The CME Group’s FedWatch tool, meanwhile, has nudged the odds of a September Fed rate cut to around 68.5%, although San Francisco Fed President Mary Daly cautioned last night that their is still “considerable uncertainty” in the overall inflation backdrop.

“In a scenario where inflation doesn’t make much further progress, then it’s not appropriate to start adjusting the rate unless we see the labor market faltering, which it’s not showing any signs of doing,” Daly told an event at George Mason University in Fairfax, Va.

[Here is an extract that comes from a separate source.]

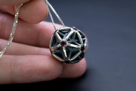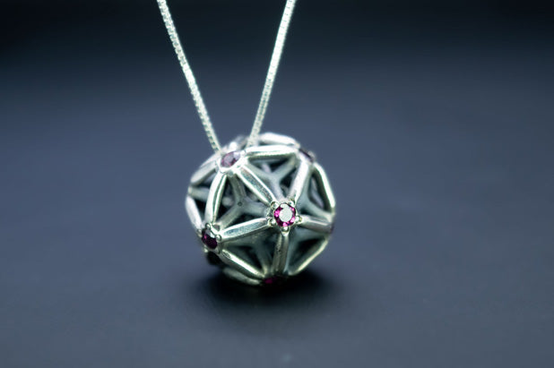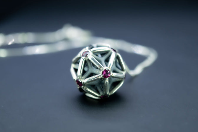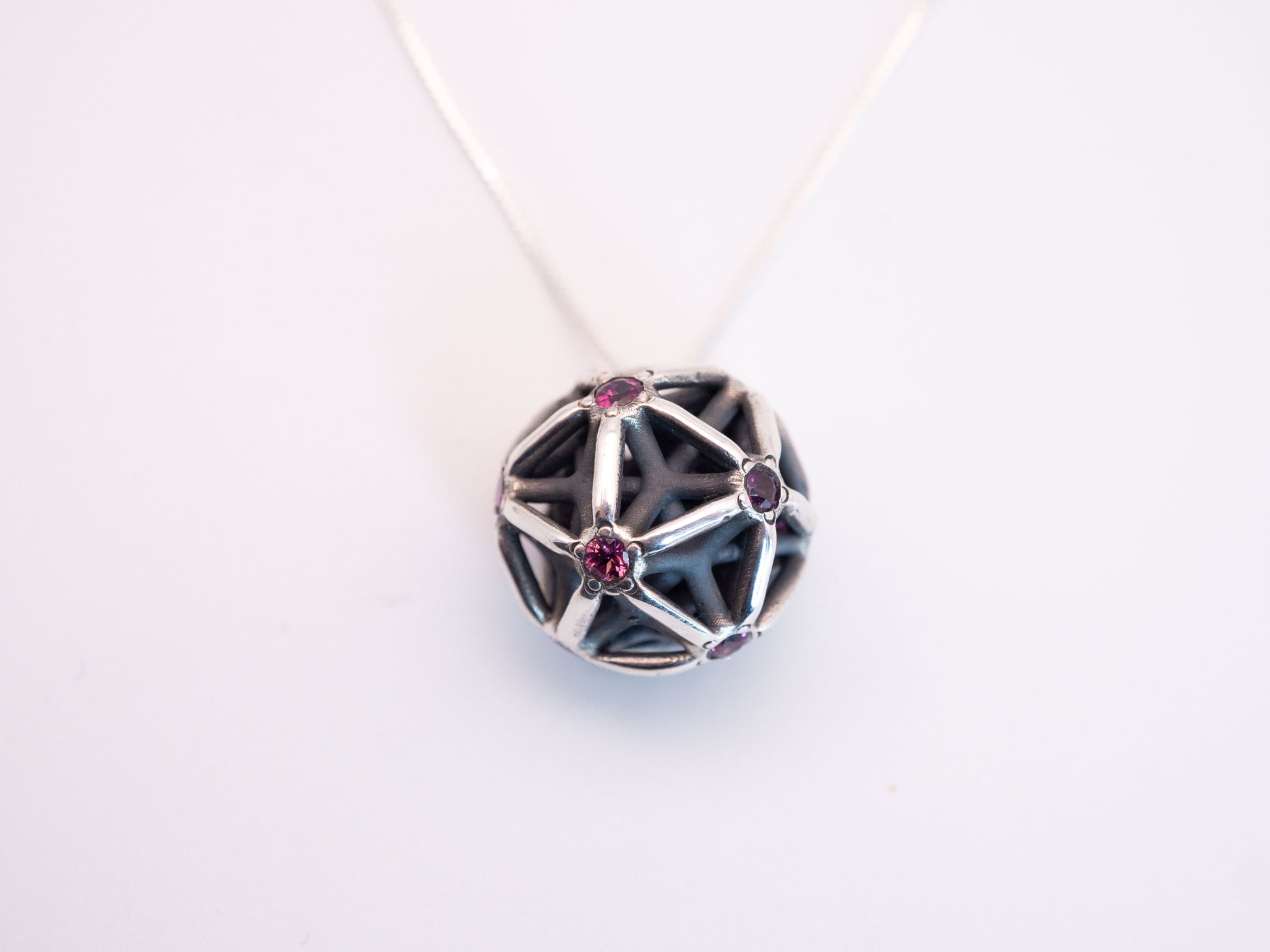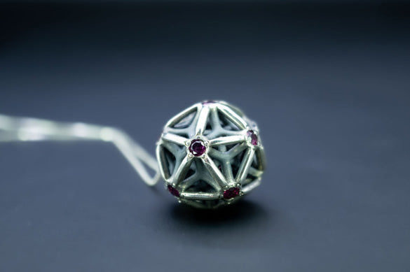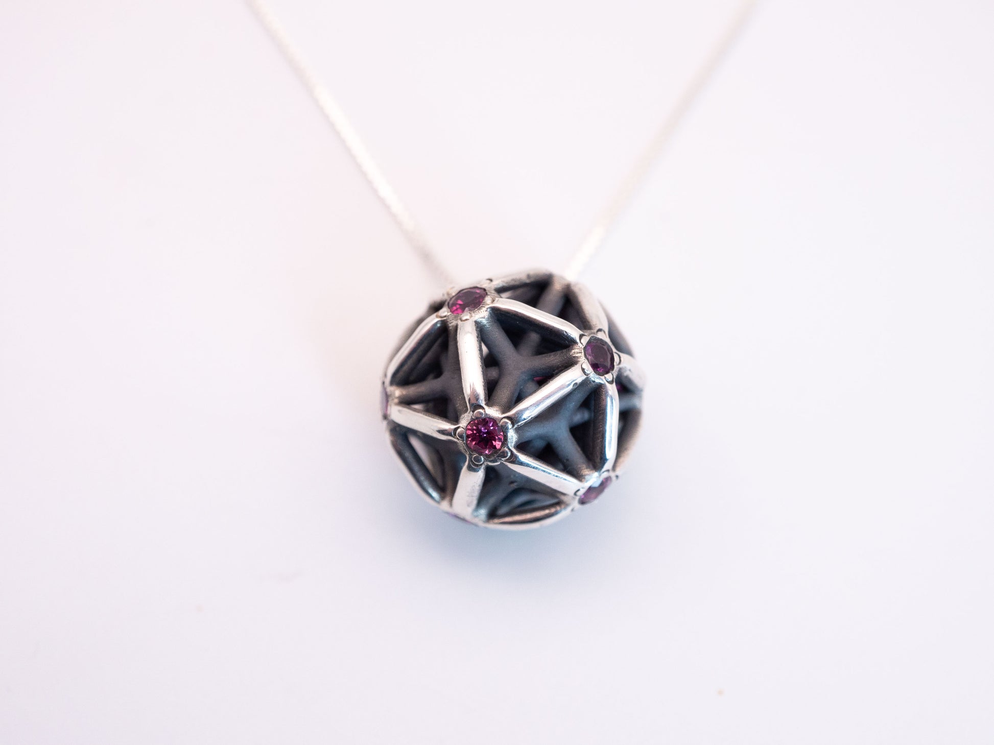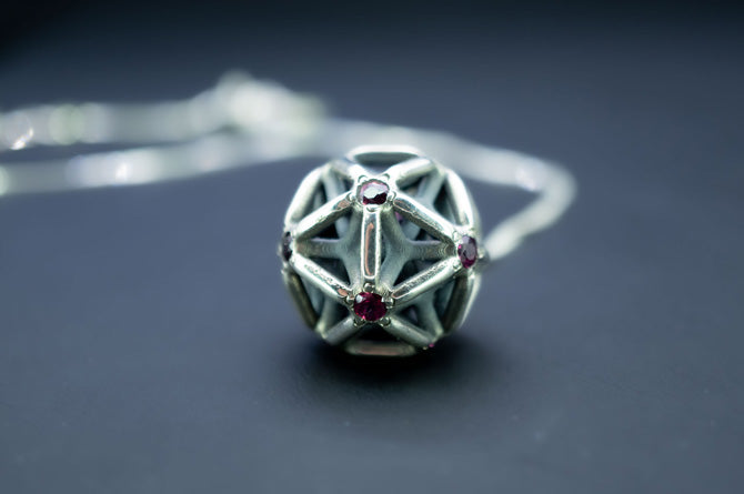 Solid Silver with Rhodolite Garnet. This pendant invites you to search deep within for the beauty and truth that reside in all of us. The intricate details and brilliant gemstones on this pendant are a wonderful meditation aid.

Related: S&P 500 aims for biggest gain in Fed interest rate pause history

With the bulk of the first quarter earnings season behind it, investors are now likely to shift focus to next week’s initial inflation readings for the month of April, which will include the key CPI reading on May 15. 

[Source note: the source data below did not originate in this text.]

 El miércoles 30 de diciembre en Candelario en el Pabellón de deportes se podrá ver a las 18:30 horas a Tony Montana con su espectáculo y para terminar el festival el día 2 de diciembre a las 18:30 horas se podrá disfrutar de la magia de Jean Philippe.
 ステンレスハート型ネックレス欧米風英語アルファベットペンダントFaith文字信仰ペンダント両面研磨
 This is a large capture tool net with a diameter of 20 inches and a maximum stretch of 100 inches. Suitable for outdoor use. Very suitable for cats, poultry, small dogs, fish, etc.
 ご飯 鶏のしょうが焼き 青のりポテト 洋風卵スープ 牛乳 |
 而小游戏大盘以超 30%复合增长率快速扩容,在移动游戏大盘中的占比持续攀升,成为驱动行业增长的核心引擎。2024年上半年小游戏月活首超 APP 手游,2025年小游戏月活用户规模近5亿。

Heading into the start of trading on Wall Street Friday, stocks are set for a solid set of opening bell gains, with the Dow looking to extend its win streak to eight consecutive sessions.

Futures contracts tied to the S&P 500, which is now up 3.54% for the month, suggest an early 22 point gain while the Dow is called 145 points higher.

The tech-focused Nasdaq, which is up 4.4% for the month, is likely to get another upside boost from falling Treasury yields and is called 95 pints higher.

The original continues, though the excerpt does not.